To post songs, you search for a song within the app. The search will access Spotify's or SoundCloud's database for the track. Once it's found you can select it and add a caption if you wish. If you share a song from Spotify and your friends have a Spotify subscription, they'll be able to hear the full tune. Without a Spotify subscription, they'll only hear a short clip of the music. With SoundCloud songs, they'll be able to listen to the entire song.

Cymbal isn't the first to try to make music more social. Music streaming services Spotify, Rdio and others have social sharing features, most of which show you what your friends are playing or help you share music directly with them. By focusing entirely on sharing and discovery, Cymbal's more of a complement to those services, not a replacement.

Social networks have also tried to get more musical. Back in 2013, Twitter built #Music to help you discover new tunes from other people's tweets. It lasted roughly a year before shutting down.

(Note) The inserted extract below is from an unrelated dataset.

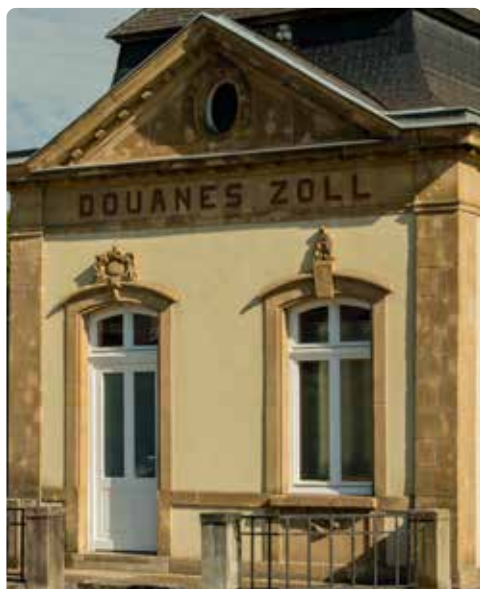
Neo-baroque toll house by the bridge

b TIP: A low barrier path leads from the promenade on the left straight to the pavilion.

Instagram introduced @music earlier this year, which is little more than an individual account run by the company that shares music and music-related photos.

After just a few days using the app, it's addicting to post songs, both to share them with friends and chronicle them for myself, so I remember what I was listening to and why.

It's easy to see that Cymbal stands a good chance of besting both Twitter's and Instagram's efforts to become a must-have app one everyone's phones. The app just needs mass adoption to make that happen.

Cymbal's already built a strong community of users, which range from regular music fans to artists, labels, college radio stations and venues.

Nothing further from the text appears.